A Video Art Piece
I went on a walk to Pebble Beach in Brooklyn and recorded waves crashing against the shore. The raw footage captured the natural rhythm and movement of water, including its constant motion, its patterns, and its unpredictability. Alongside the waves, I also captured general NYC cityscape footage, creating visual material that represented both natural and urban environments, drawing a contrast between the abstract and the representational.
All the editing was done in real time using Signal Culture applications. I worked through multiple passes with different tools. First, I did a run through with Signal Culture's Video Mixer, then another pass with the Frame Buffer, and finally a run through with Re:Trace. Each layer added new dimensions to the footage, transforming the raw recordings into something abstract and hypnotic. The real-time nature of the process meant every decision was immediate and intuitive, with no room for traditional post-production refinement.

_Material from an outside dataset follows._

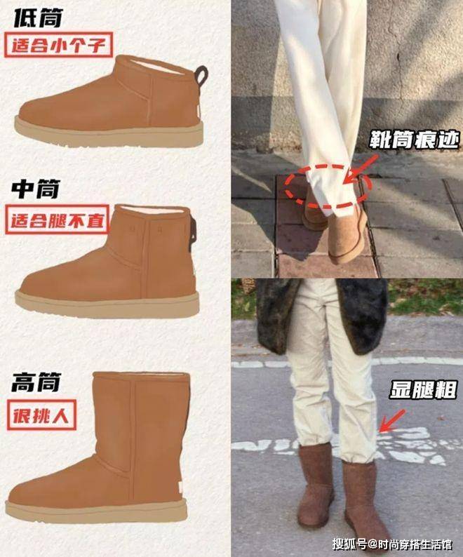其次挑选雪地靴的时候还要注意筒高,雪地靴最常见的三种筒高就是短筒、中筒和长筒的款式,我们根据腿型选择合适的高度。正常来说大家选择最多的筒高就是短筒和中筒的款式,主要这两种筒高不超过小腿中部的位置,对于腿粗或者腿胖的女性来说非常的友好,完全不用担心会暴露腿部缺点。

After completing the video processing, I composed music in real time as I watched back the edited video. Working in Logic Pro while playing on my keyboard, I improvised chords and melodies that responded directly to the visual rhythm on screen. The music was composed entirely in the moment, reacting to the ebb and flow of the processed footage. This approach created an organic connection between sound and image, where neither dominated but instead worked in harmony.
This was a highly enlightening experience because it was my first attempt doing something non-narrative. Working entirely in real time pushed me out of my comfort zone, because there was no safety net of post-production and no ability to revise and perfect. Every decision had to be made in the moment, trusting intuition over calculation. I think it came out quite nicely, but of course, it's not necessarily story-based, which I still do not know how I feel about. Coming from a narrative background, the absence of traditional structure was both liberating and unsettling. WAVES represents my first steps into experimental video art and real-time audiovisual composition. It's ultimately a big departure from my usual work but it opened up new ways of thinking about moving images and sound.